"We are the One Nation party," Nick Clegg will tell the Liberal Democrats in his speech to their spring conference tomorrow. It is meant primarily as an assertion of the Lib Dems' identity – a party that represents all sections of society and all parts of Britain without being in hock to vested interests, while the Conservatives rely heavily business donors and Labour is dependent on the unions.
But Mr Clegg knows his spot of plagiarism will also get under David Cameron's skin. "One Nation" is a Conservative theme dating back to 1845 and Disraeli. Mr Cameron would doubtless prefer his Coalition partner to stick to Gladstone. He wants to be seen as a "One Nation" leader. Mr Clegg implies that, whatever Mr Cameron's instincts, the Tories have not yet abandoned what Disraeli would have called the "two nation" philosophy of Thatcherism.
Mr Clegg's invasion of Tory turf shows how the Coalition game has changed. Its unity phase, which the Tories hoped would last until 2015, is over. The ugly word on the Lib Dems' lips is "differentiation" and they are enjoying their new freedom to differ from their Coalition partners. The Tories hate it. The Lib Dems are even having a bit of fun. When Nadine Dorries, the outspoken Tory MP, attacked the concessions given to the Lib Dems on the Government's health reforms, Richard Reeves, a senior Clegg strategist, sent her a bunch of flowers as a thank you.
Last year, in the unity phase, the Lib Dem leadership told party rebels: "We cannot be government and opposition at same time." Today they try to have it both ways. The Lib Dems negotiate in public over this month's Budget, to George Osborne's dismay. Yet the Lib Dems cannot let disunity push the Coalition off the rails. So they happily work on a joint policy statement for this summer highlighting the issues where they broadly agree with the Tories.
Last year, Mr Clegg would have shared the Tories' anger at this week's leaking of the letter by Vince Cable, the independent-minded Business Secretary, saying the Coalition lacked a "compelling vision" beyond its spending cuts. The leak was not part of a differentiation master plan; the Lib Dems are not that Machiavellian. But it dovetailed with Mr Clegg's strategy, as it showed that the Lib Dems were fighting their corner, were thinking hard and were not the same as the Tories, so the Deputy Prime Minister was relaxed. "It helps us," one ally said.
Their new buzzword is "JEET", which stands for the issues they want to talk about – jobs, education, environment and tax.

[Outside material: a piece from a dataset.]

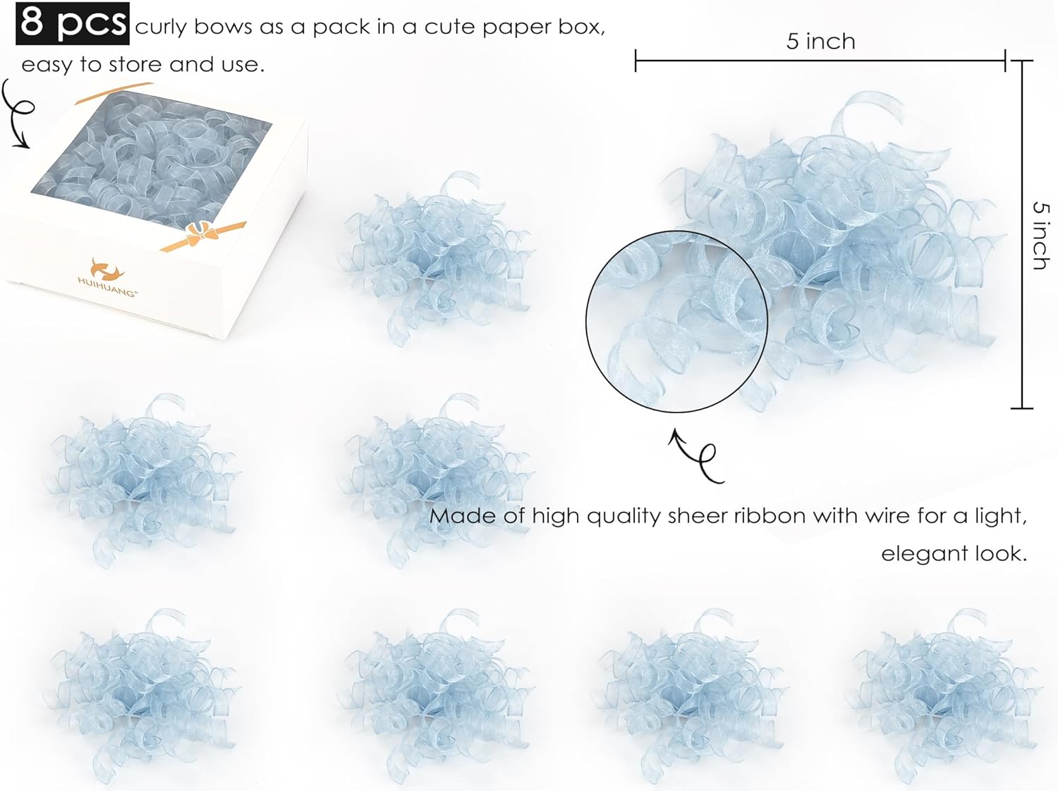 - SIZE & PACK: Each package contains 8 pcs dusty blue curly bows, and made from 12 strands of 3/8"(9mm) wide sheer ribbon that adds a light, airy, and luxurious feel to any gift or decoration. Bows measures 5"~5.5" wide, create a dramatic and burst effect, making it ideal for large gift boxes, baskets, and decorations

But many Lib Dem activists at this weekend's conference in Gateshead fear the party will be dragged down again unless it kills the health reforms. Grim comparisons are made with the impact of university tuition fees on the Lib Dems, the poll tax on Margaret Thatcher and the Iraq war on Tony Blair. If Labour succeeds in making the NHS a big issue at the next election, the Lib Dems will have nowhere to hide, the party's "kill the Bill" brigade warn. There will be no escaping the massacre implied by the current opinion polls.

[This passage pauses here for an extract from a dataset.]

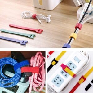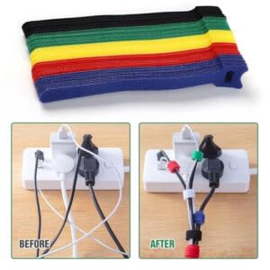 - ترميز ألوان متعدد الاستخدامات: مجموعة من 50 شريط فيلكرو قابل لإعادة الاستخدام بـ 5 ألوان نابضة بالحياة (أصفر وأحمر وأخضر وأزرق وأسود) لترتيب الكابلات بكفاءة وسهولة التعرف عليها.

Mr Clegg's "One Nation" claim is a declaration that the Lib Dems have pitched their tent in the centre ground and hope to colonise as much of it as possible. They do not dream that millions of voters will suddenly flock to them; Mr Clegg seeks a gradual, grudging respect that his party is trying to do the right thing for the country and admits it sometimes gets it wrong.

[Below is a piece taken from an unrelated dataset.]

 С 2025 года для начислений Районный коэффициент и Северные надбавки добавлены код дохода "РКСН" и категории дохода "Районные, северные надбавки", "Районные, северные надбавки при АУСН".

For this strategy to work, and to prevent a Lib Dem meltdown in 2015, he may need Labour to veer left under Ed Miliband and for Mr Cameron to appease his MPs and Tory-supporting newspapers by turning right to differentiate himself from those irritating Lib Dems. Mr Miliband and Mr Cameron would both dismiss such a course as fantasy, yet their actions sometimes give the Lib Dems hope that it could become reality. Mr Clegg's party cannot be written off yet; it is still in the game.